* **What needs to be done**: Make an exact transcript of the lines in the data below, starting with the one containing "Feri Handoko Soenarso" and going on through the one containing "Textured Curved End", with both included and the pictures left out.
*** Extracted data Section Begins ***
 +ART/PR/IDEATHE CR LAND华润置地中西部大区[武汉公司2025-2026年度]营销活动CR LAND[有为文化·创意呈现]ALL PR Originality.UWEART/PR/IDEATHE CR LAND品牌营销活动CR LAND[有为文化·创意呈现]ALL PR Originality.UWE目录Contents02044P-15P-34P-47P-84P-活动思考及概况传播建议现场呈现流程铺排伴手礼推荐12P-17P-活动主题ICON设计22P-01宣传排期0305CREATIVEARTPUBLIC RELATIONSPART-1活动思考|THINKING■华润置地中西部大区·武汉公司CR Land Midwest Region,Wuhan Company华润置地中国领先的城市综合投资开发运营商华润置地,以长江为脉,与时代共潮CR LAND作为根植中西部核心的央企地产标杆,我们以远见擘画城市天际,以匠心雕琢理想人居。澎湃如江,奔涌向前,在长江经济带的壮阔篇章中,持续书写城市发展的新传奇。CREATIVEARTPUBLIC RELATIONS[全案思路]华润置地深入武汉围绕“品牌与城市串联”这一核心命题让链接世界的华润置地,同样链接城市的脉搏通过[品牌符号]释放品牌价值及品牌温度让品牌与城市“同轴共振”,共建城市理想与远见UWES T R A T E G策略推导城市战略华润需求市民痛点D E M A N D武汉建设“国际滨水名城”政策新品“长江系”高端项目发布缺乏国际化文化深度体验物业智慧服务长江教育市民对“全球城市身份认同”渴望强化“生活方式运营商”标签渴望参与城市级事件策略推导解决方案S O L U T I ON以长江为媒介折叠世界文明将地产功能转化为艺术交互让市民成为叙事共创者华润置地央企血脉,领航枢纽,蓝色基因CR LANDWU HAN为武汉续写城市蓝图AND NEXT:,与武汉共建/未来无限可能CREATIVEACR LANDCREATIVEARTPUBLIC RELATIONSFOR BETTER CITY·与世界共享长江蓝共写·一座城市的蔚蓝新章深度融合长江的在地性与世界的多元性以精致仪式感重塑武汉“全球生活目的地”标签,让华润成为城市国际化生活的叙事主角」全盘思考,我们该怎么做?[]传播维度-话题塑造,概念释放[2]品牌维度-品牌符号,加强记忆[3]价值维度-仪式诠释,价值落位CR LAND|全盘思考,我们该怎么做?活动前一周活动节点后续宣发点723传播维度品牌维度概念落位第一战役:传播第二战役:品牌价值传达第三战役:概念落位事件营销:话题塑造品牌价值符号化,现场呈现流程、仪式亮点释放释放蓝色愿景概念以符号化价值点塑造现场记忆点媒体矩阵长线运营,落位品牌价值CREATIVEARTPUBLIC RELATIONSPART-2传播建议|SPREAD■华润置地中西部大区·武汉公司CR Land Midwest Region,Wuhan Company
*** Extracted data Section Ends ***
*** Extracted data Section Begins ***
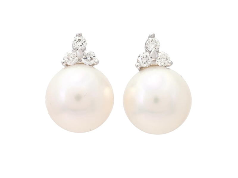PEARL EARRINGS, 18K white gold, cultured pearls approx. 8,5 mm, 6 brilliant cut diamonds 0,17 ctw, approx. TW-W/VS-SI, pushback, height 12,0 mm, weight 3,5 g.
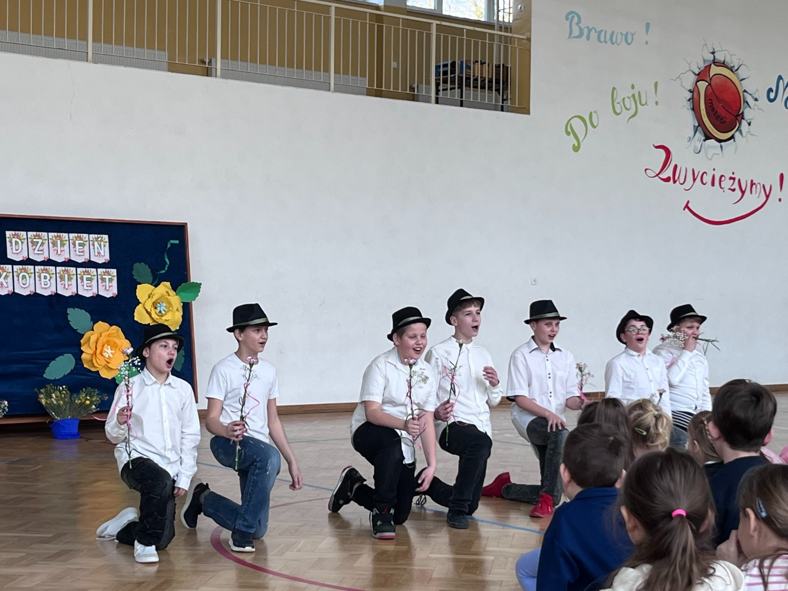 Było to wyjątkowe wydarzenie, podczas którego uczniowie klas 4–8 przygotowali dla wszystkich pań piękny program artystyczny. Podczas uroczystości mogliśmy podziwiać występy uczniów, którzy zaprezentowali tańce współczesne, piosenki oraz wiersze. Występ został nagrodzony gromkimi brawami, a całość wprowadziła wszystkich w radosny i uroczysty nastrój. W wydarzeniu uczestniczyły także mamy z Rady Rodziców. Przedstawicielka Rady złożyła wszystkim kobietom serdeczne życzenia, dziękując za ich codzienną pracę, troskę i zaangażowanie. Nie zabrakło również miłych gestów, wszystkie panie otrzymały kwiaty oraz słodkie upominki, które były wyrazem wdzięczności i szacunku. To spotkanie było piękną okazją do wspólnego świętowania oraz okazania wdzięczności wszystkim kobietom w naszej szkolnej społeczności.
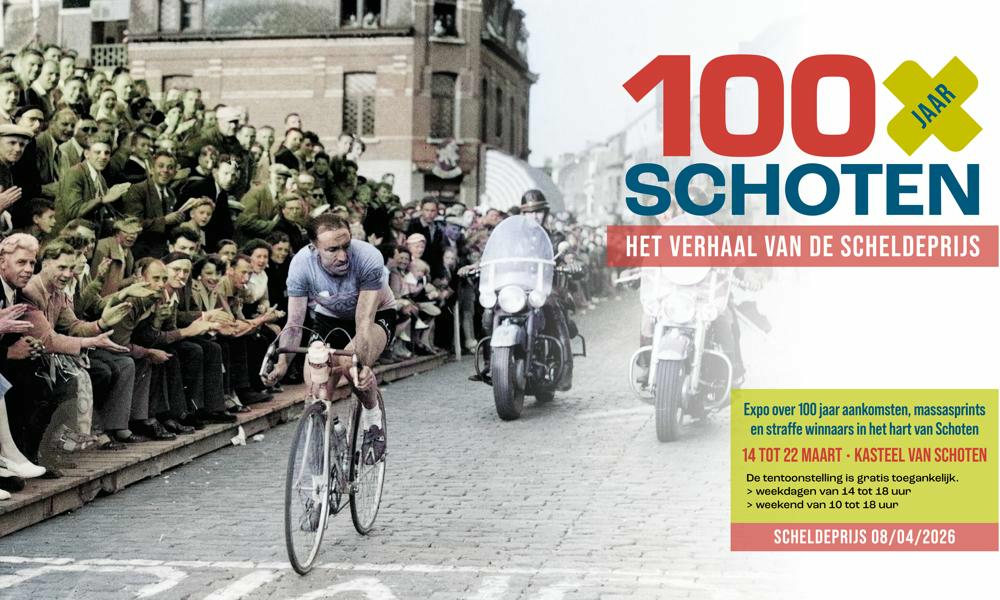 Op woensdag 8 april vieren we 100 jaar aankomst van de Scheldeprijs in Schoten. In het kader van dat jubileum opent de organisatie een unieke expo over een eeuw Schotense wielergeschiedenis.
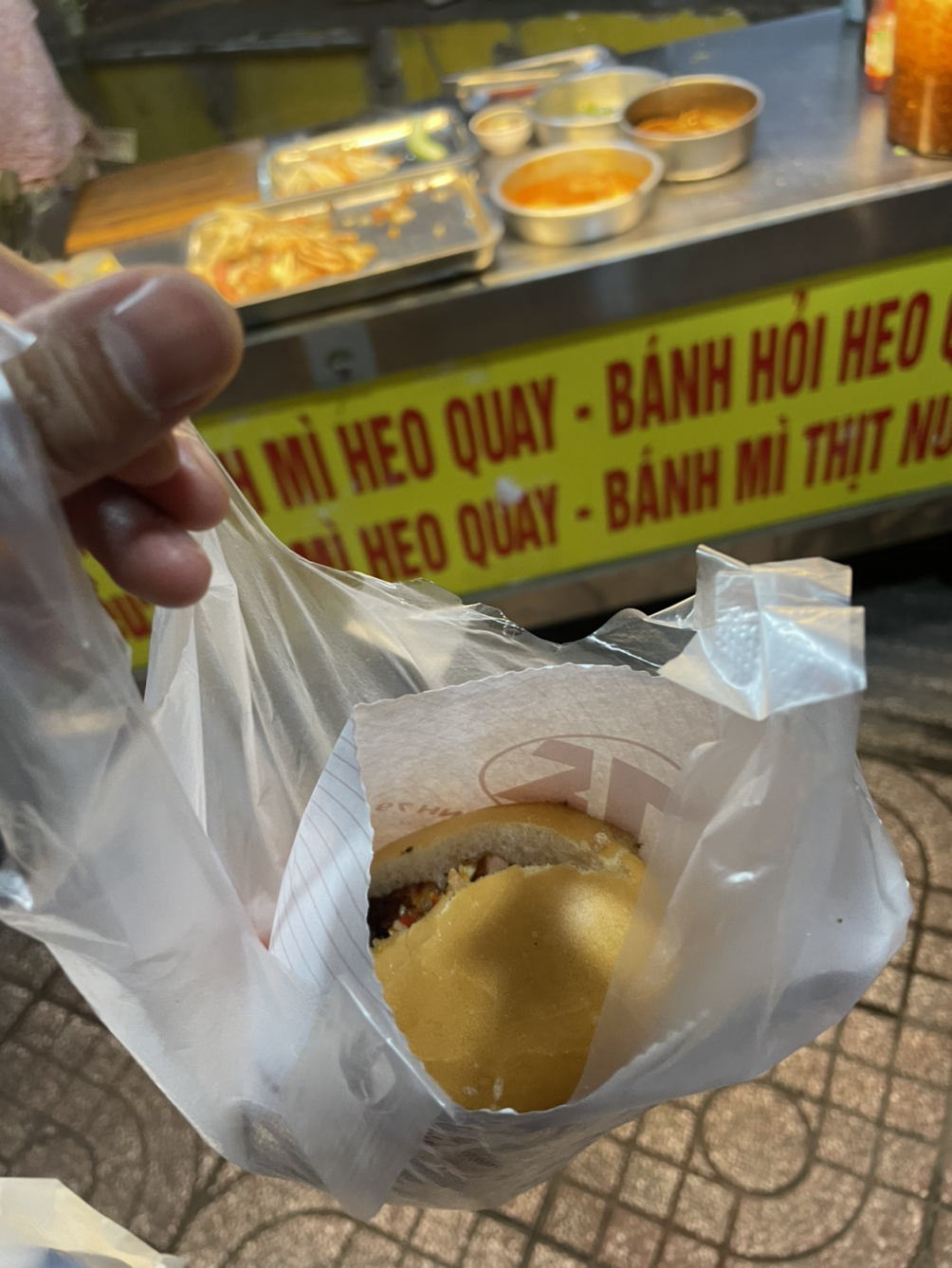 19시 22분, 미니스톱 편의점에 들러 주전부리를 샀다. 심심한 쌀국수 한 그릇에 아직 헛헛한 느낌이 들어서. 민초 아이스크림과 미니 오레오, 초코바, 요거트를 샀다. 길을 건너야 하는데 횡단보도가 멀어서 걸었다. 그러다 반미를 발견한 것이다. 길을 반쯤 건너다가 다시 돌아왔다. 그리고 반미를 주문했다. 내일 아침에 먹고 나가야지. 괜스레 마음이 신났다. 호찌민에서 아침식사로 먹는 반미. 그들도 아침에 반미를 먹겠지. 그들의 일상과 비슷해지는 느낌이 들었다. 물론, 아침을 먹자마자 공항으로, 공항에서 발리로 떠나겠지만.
*** Extracted data Section Ends ***
*** Extracted data Section Begins ***
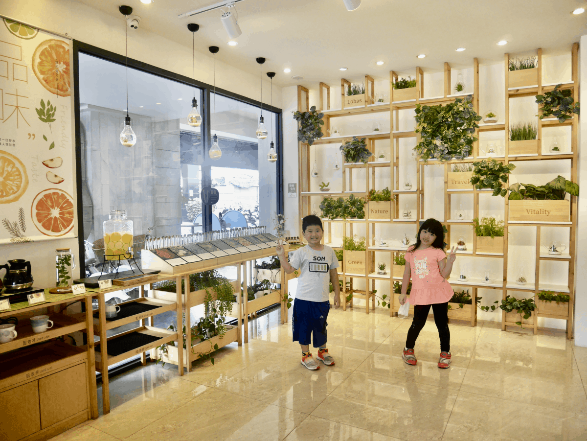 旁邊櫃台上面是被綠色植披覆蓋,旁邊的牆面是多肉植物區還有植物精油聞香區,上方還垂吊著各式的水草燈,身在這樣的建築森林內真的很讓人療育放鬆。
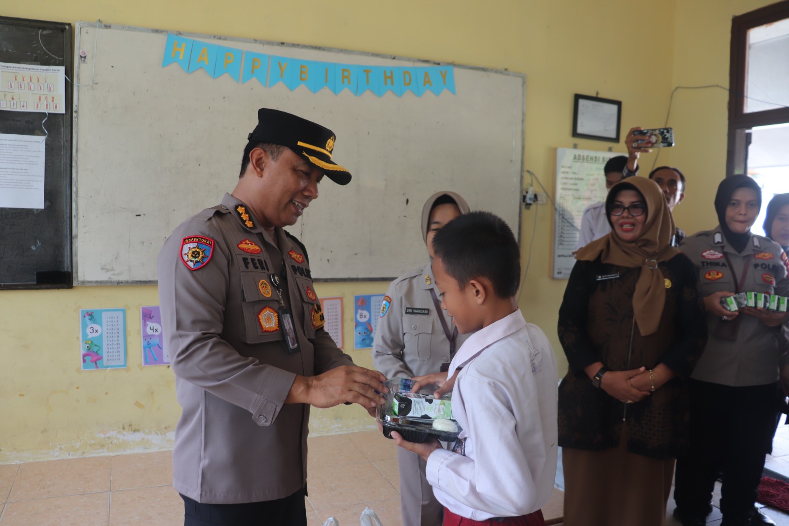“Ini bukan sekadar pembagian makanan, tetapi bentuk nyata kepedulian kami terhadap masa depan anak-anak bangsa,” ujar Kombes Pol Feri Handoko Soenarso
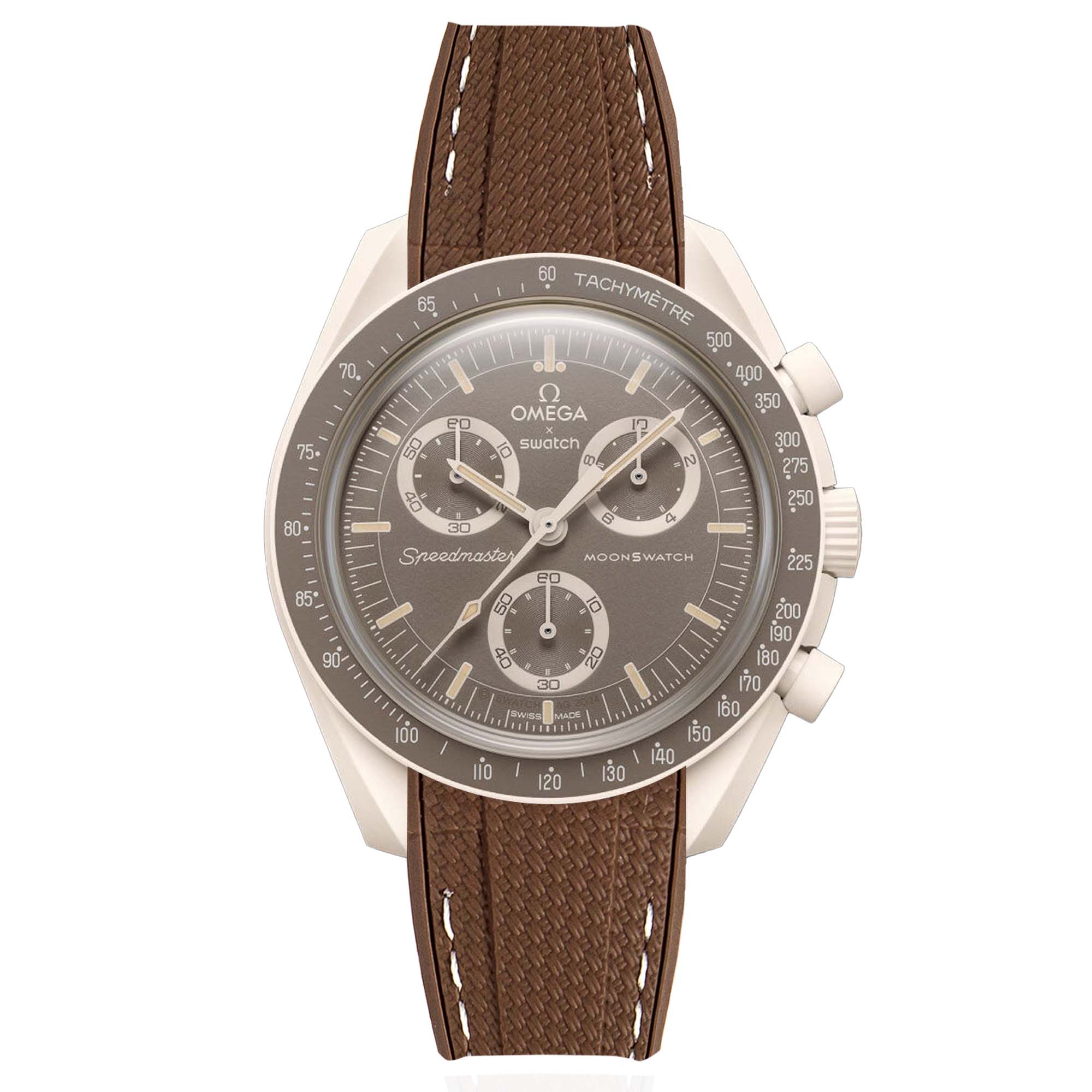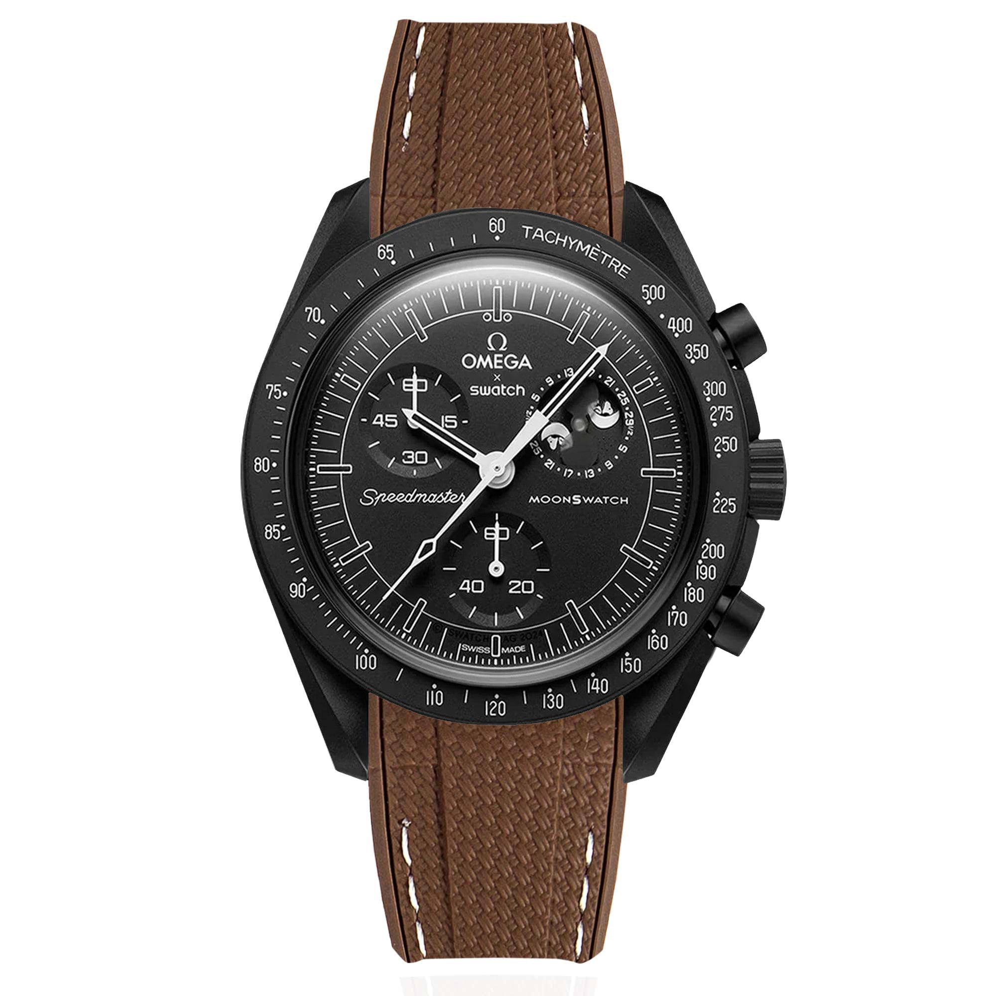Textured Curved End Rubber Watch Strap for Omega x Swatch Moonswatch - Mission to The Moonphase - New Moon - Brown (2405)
*** Extracted data Section Ends ***
* **Solution for this problem**:
“Ini bukan sekadar pembagian makanan, tetapi bentuk nyata kepedulian kami terhadap masa depan anak-anak bangsa,” ujar Kombes Pol Feri Handoko Soenarso
Textured Curved End Rubber Watch Strap for Omega x Swatch Moonswatch - Mission to The Moonphase - New Moon - Brown (2405)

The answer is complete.